Not if that guy is Tony Jackson.
To put it plainly, Jackson is one of the most gifted singers ever to grace country music.
His initial videos from the album have excited over 40 Million Facebook views seemingly overnight, while Jackson tours tirelessly in support of the record.
?
The respect Jackson has already earned within the music community is evident throughout Tony Jackson, as the new album is titled. It features songs and/or performances by Rock and Roll Hall of Fame members John Sebastian, Steve Cropper and Dr. John “Mac” Rebennack, Country Music Hall of Famers Vince Gill, Bill Anderson and Conway Twitty and Nashville Songwriters Hall of Fame luminary Norro Wilson.
It is the ease with which Jackson makes every song—even the familiar ones—distinctly his own that sets him apart. Who else would dare to try and then succeed in bringing a fresh layer of emotional urgency to such a classic as George Jones' “The Grand Tour” or Conway Twitty's eternal “It's Only Make Believe”?
On the first-time and lesser known songs, Jackson mints his own classics. With its sweeping steel guitar flourishes and ambient barroom clatter, he transforms John Sebastian and Phil Galdston's “Last Call” into the sweetest, most affectionate separation ballad imaginable.
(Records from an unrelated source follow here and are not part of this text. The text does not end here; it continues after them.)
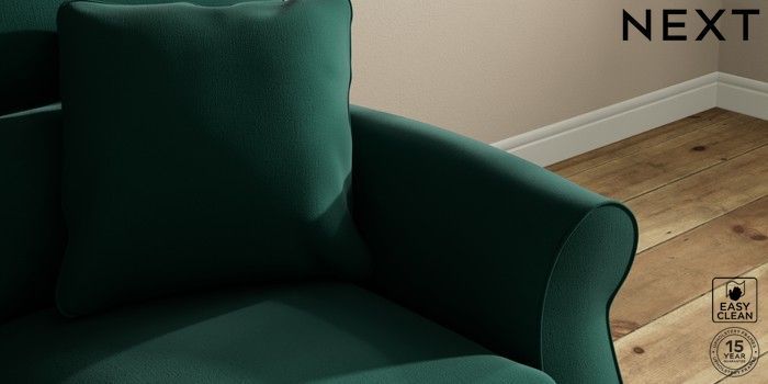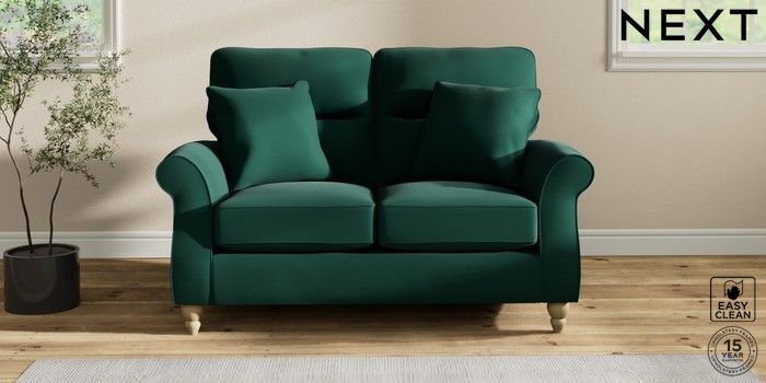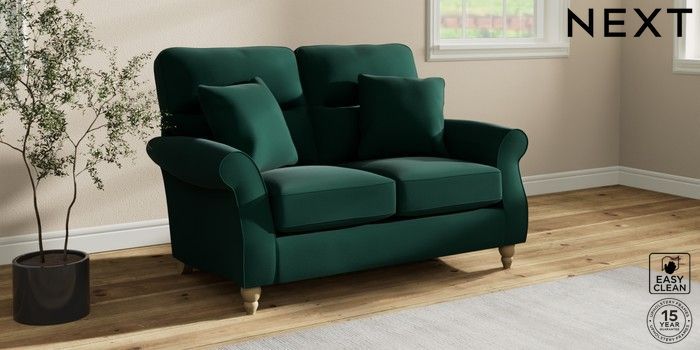 7.2.10 Ashford Highback 2 Seater Small Sofa Plush Velvet Easy Clean Bottle Green Low Turned - Light | Made Click here to use our website with more accessibility support, for example screen readers
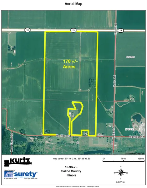 170 +/- acre tract located on IL-13 just 3.5 east of Harrisburg in Saline County. This tract has approximately 163+/- acres of tillable ground and has plenty of access with over 1,900 of frontage on on IL-13 and 1,250 of frontage on Big Ridge Rd. The predominant soil types are Darwin Silty Clay, Harco Silt Loam, and Zipp Silty Clay.
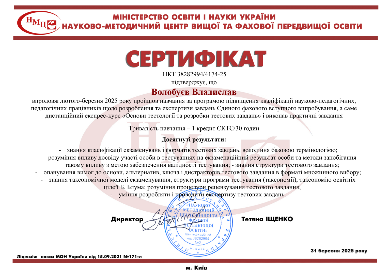 Доцент кафедри “Політологія та загальноправові дисципліни” Національного університету “Запорізька політехніка”, кандидат філософських наук, доцент ВОЛОБУЄВ Владислав впродовж лютого-березня 2025 року пройшов навчання за програмою підвищення кваліфікації науково-педагогічних, педагогічних працівників щодо розроблення та експертизи завдань Єдиного фахового вступного випробування (дистанційний експрес-курс «Основи тестології та розробки тестових завдань») (1 кредит ЄКТС/30 годин).
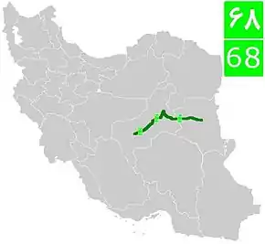 جادهٔ ۶۸ راهی در مرکز ایران است که یزد را به شهر بیرجند،سربیشه و پس از تقاطع با جاده مرزی ۹۹ ، به پایانه مرزی ماهیرود در مرز ایران و افغانستان متصل میکند و بخش زیادی از آن در نواحی خشک و بیابانی مرکز ایران قرار گرفته است. بخش زیادی از این جاده در حاشیهٔ جنوبی دشت کویر قرار گرفته است. این جاده از یزد تا طبس در جهت جنوب غربی ـ شمال شرقی امتداد یافته و پس از آن، از طبس تا بیرجند در امتداد شرقی ـ غربی ادامه مییابد و پس از آن با عبور از سربیشه به مرز ایران و افغانستان می رسد و پس از تقاطع با جاده ۹۹ به پایانه مرزی ماهیرود می رسد. این جاده که در یزد عمدتاً با نام جادهٔ طبس مشهور است، راه اصلی ارتباط میان استان یزد و خراسان جنوبی و خراسان رضوی محسوب میشود. جادهٔ ۶۸، در مسیر خود از شهرها و آبادیهای مهم و قابل توجهی در منطقهٔ کویر مرکزی ایران میگذرد که مهمترین آنها عبارتند از: خرانق، رباط پشت بادام، طبس و دیهوک.
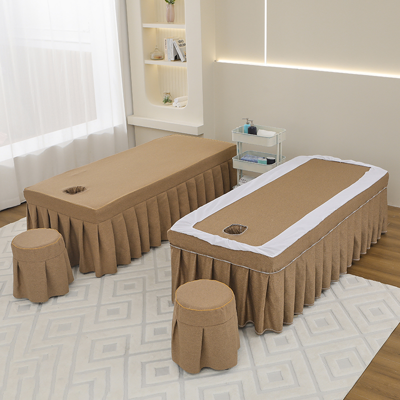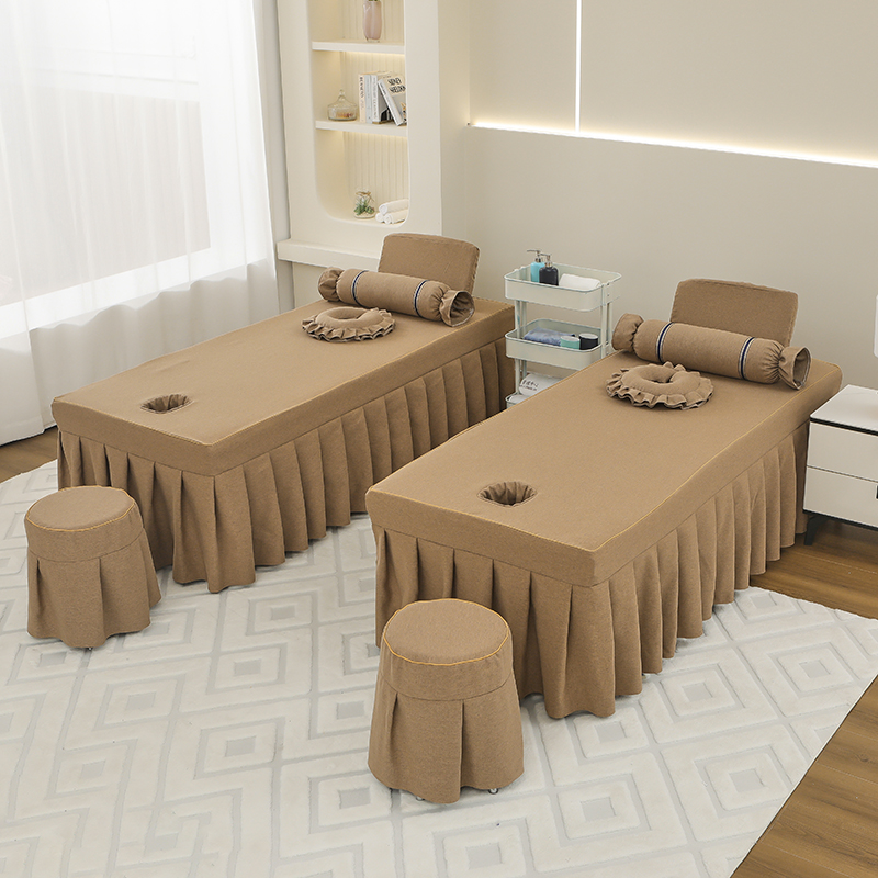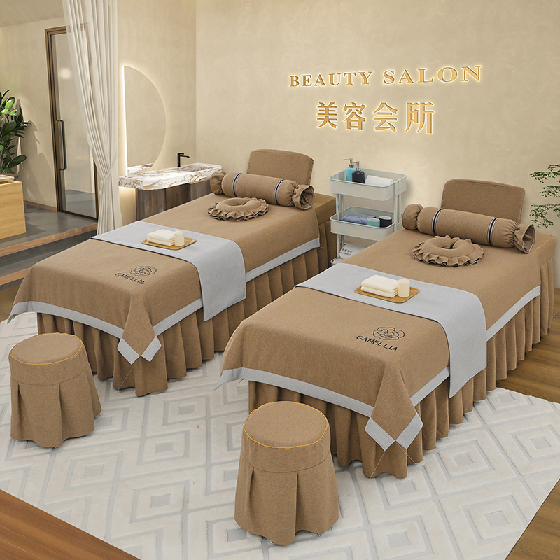 (总)芙怡 2025春夏新款8031款棉麻美容床罩四件套-未央系列,未央-蝶翅蓝,未央-格调 灰,未央-蜜桃 粉,未央-浅咖,未央-浅驼,未央-斑斓绿
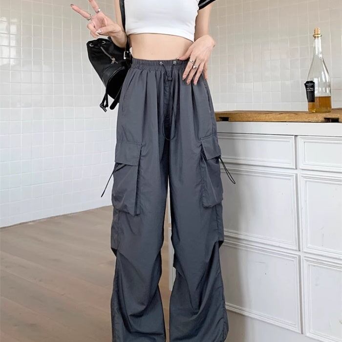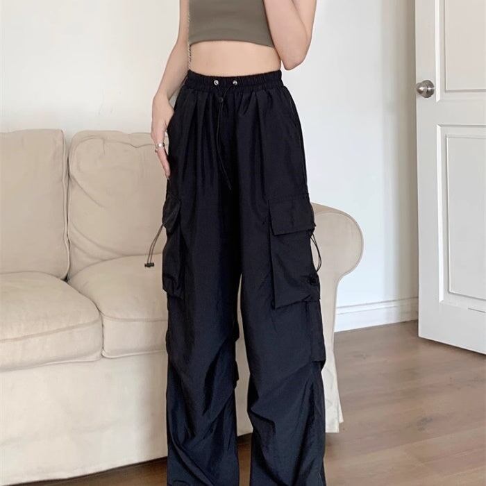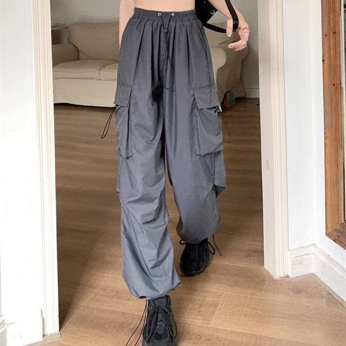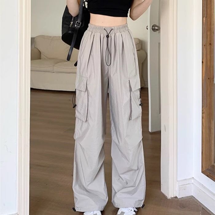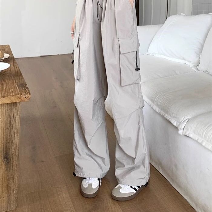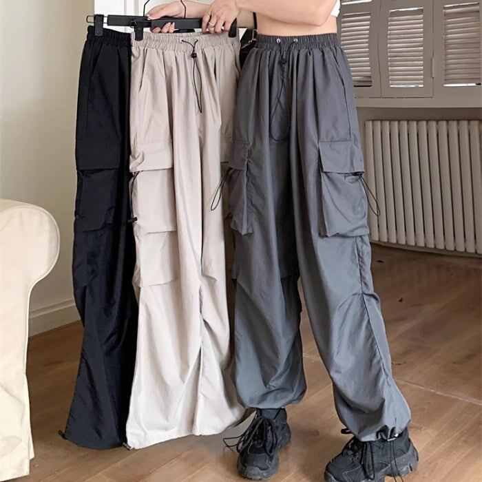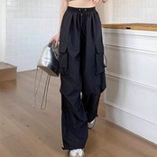 ナイロン パラシュート カーゴパンツ レディース 韓国 ファッション サイドポケット ドローコード ワイドパンツ

With reverence and a twinkle in his eye, he enlists Sebastian and Vince Gill in revivifying (after 50 years) the Lovin' Spoonful's 1966 romp, “Nashville Cats.” “When asked if we should recut the song,” Sebastian begins, “I said absolutely but we have to get Vince Gill, Paul Franklin and today’s real Nashville Cats in on the session and fortunately it was preserved on video,” he beams.